It's revealed early on that Brimley has been in contact with some kind of Jack Kevorkian-like suicide doctor and when Beau realizes this he immediately tries to dissuade his friend from helping Brimley carry out this plan. They've now opened a legal can of worms for their friend the homicide detective. In fact, Beau doesn't particularly help things by asking a hypothetical question about the situation to his colleague, Lewis, when he returns to the station.

Thankfully the rest of the episode's other plotlines are pretty good, but somehow behind the scenes, Brimley has changed his plans to end his own life. He now has a gun in his dresser and he asks Chuck to kill him with it. This is where the episode went off the rails for me. Of course, his son doesn't want to do it and tells Brimley to do it himself if that's what he wants. Brimley pleads with him that he can't because he's afraid to do it himself and he's in so much pain. And then off-screen his son actually does it... in exactly the most botched way possible to cast suspicion on himself and require Homicide's involvement.

Needless to say, my derision for Brimley's character and his son knows no bounds. I don't care how much pain you're in, I can't imagine asking your child to live with killing their parent in a gruesomely violent fashion. Let alone leave them to deal with the legal consequences that will surely follow.

Speaking of those consequences. Guess who the primary detective is on the case? Lewis, the detective Felton talked to earlier about his hypothetical question. He suspects Chuck's claims of suicide are bogus, and immediately knows something is up when Felton intervenes and tells his friend to clam up.
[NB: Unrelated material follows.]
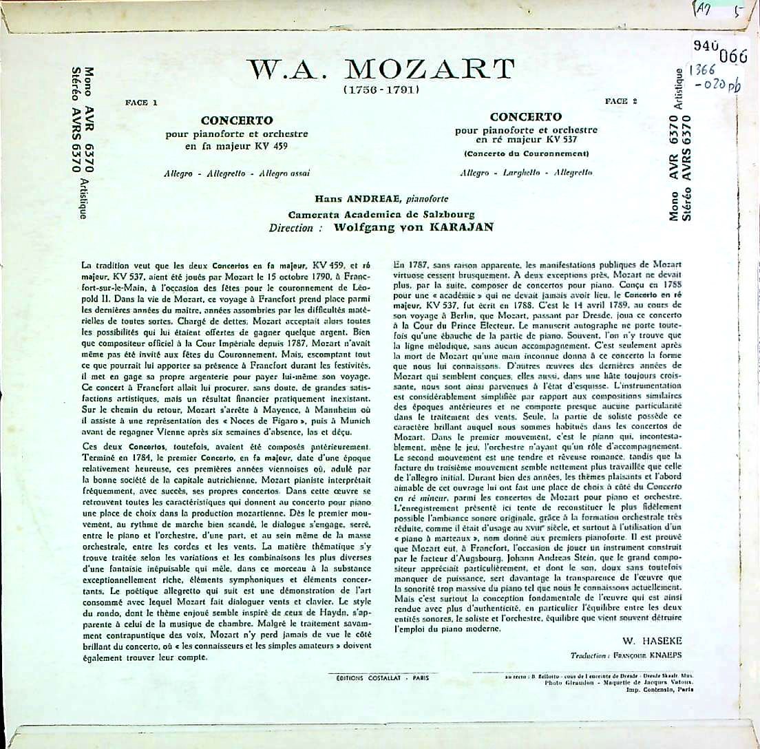 商品詳細:オーストリアAMADEOの録音。指揮はカラヤンの2歳年長の兄でシャルランにOrgで「フーガの技法」を入れたヴォルフガング・フォン・カラヤン(1906-1987)。ピアノは「ヴォルフガング・フォン・カラヤン・オルガン・アンサンブル」のメンバーであるハンス・アンドレーエ(1908-1978)。スイスのピアニスト、チェンバロ奏者、オルガニスト、音楽教師である。1935年にチューリッヒ音楽院のピアノとチェンバロの教授であるとともに、トーンハレ管弦楽団にチェンバロ奏者兼ピアニストとして活動した。ここではモーツァルト時代のハンマー・クラヴィーアを使用。モーツァルトの生家の楽器かも知れない。はっきり言って、有名な弟より兄カラヤンの方がモーツァルトは良いようだ。コリコリとしたHfの音は硬質で、曲の成り立ちにまで遡れる。録音が良く、素晴らしい響き。後期曲のピアノ・フォルテ録音は少ない。ヴォルフガング・フォン・カラヤンはオルガニストとしての教育を受け、また自然科学の経歴を歩み、ウィーン工科大学の電気工学科を卒業し、ザルツブルクで応用物理学研究所 (Labor für technische Physik) を運営した。1950年、ハンス・アンドレーエと妻のヘディとともに「ヴォルフガング・フォン・カラヤン・オルガン・アンサンブル」を結成し、世界各地へ演奏旅行に出た。バッハの「フーガの技法」を得意のレパートリーとしていた。これまでヴォルフガング・フォン・カラヤンが指揮者としての録音はなかったが、これが初となるかも知れない。有名な弟の世界的指揮者ヘルベルト・フォン・カラヤンとは正反対の性格らしく、隠遁的な生活を好み、一匹狼のような生涯を送ったと言われている。兄弟はあまり仲が良くなかったらしい。この録音で聴くヴォルフガング・フォン・カラヤンの指揮は軽快であり、こじんまりしたテンポの良い印象。ソロがハンマー・クラヴィーアということもあり、丁度よいサイズ感である。ソロのハンス・アンドレーエはスイス生まれの鍵盤奏者でオルガンを得意としている。詳しい経歴は不明だが1951年にConcert Hallへバッハの協奏曲録音があり年配の音楽家と思われる。ここでのソロは快活で非常に聴きやすい。

So we get a juicy confrontation between Lewis and Felton in the bathroom over the investigation tampering. They hash it out, and Lewis unbelievably decides to help the son out by letting him wash up before they test him for gunpowder residue. The case gets filed as a suicide and Felton and Chuck have one last scene together at the docks where they reminisce about Brimley.

Now admittedly I'm early in the series, but it feels like this episode was a bit of a one-off that won't have any further consequences. I hope that's not the case and there are callbacks and repercussions to this case in later episodes. I've thought about this episode a lot more than the previous ones but for all the wrong reasons. Hopefully, the rest of season two and beyond will get back to the level of quality that I saw leading up to it.

  1. Originally this aired as episode 2 of season 2 because of the whims of NBC, but I believe Peacock is listing them in their intended order.